§ Dataset entries
+++

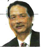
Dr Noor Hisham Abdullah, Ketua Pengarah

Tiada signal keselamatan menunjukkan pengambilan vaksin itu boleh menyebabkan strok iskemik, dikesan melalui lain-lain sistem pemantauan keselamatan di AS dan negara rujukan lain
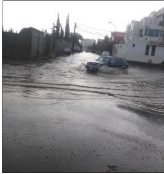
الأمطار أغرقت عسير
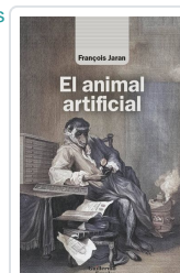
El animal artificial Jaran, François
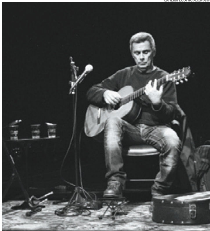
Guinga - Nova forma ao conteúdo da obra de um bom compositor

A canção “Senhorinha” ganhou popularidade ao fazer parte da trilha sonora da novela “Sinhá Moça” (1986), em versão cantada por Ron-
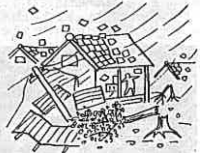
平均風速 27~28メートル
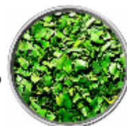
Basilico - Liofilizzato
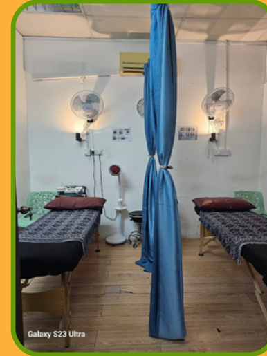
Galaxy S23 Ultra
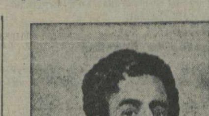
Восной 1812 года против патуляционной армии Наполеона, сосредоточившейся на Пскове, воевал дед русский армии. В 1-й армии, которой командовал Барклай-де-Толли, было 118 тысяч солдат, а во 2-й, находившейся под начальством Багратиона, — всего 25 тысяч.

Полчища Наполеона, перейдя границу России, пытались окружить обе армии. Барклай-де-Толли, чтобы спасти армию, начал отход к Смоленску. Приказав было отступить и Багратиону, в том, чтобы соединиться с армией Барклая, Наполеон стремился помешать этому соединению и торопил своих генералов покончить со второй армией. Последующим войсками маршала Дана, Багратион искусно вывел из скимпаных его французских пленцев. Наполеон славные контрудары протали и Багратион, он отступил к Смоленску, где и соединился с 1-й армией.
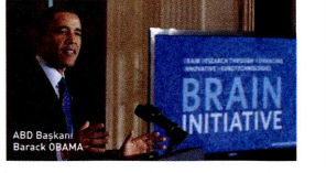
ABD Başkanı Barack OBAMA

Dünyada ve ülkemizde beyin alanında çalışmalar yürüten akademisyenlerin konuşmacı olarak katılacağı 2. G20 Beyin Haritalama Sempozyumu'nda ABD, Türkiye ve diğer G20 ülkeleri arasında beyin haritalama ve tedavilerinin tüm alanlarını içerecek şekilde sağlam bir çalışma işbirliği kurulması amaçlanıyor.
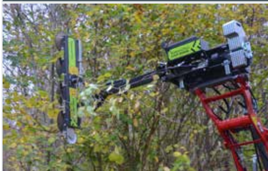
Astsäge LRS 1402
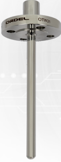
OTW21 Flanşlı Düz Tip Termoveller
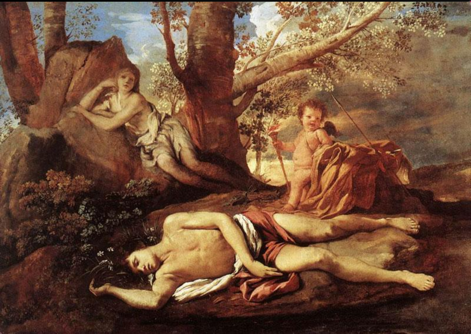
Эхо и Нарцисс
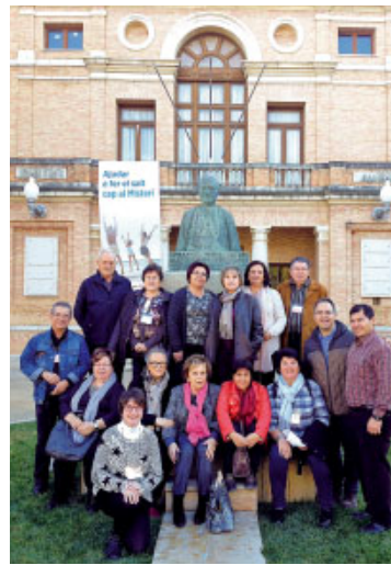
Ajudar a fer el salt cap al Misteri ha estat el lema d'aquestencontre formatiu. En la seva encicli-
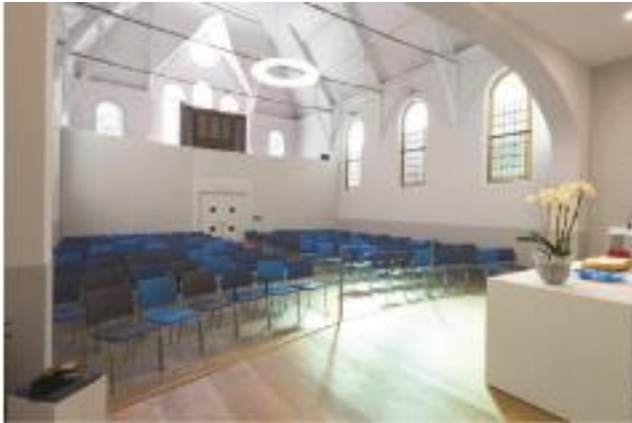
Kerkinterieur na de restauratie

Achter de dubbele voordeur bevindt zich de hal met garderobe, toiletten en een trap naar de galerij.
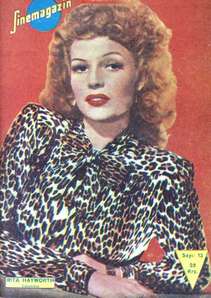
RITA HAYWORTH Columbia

+++

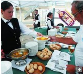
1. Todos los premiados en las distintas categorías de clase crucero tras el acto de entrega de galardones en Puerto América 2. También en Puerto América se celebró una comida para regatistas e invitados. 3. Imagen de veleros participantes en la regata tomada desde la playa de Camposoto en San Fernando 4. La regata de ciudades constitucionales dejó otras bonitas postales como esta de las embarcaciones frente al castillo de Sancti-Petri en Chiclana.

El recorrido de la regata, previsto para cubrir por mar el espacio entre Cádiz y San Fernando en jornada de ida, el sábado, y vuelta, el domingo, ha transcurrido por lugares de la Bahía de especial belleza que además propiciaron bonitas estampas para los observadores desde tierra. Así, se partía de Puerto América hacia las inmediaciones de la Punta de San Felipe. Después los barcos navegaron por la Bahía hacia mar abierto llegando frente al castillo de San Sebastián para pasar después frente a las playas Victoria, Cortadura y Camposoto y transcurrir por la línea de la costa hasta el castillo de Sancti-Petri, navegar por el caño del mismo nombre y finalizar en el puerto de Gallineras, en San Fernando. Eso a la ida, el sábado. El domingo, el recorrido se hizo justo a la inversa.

+++

§ Exercise
Everything from the line above that contains "Dr Noor Hisham Abdullah, Ketua Pengarah" down to the line that contains "Guinga - Nova" must be reproduced exactly, both ends included. Omit the pictures.

§ Response
Dr Noor Hisham Abdullah, Ketua Pengarah

Tiada signal keselamatan menunjukkan pengambilan vaksin itu boleh menyebabkan strok iskemik, dikesan melalui lain-lain sistem pemantauan keselamatan di AS dan negara rujukan lain
الأمطار أغرقت عسير
El animal artificial Jaran, François
Guinga - Nova forma ao conteúdo da obra de um bom compositor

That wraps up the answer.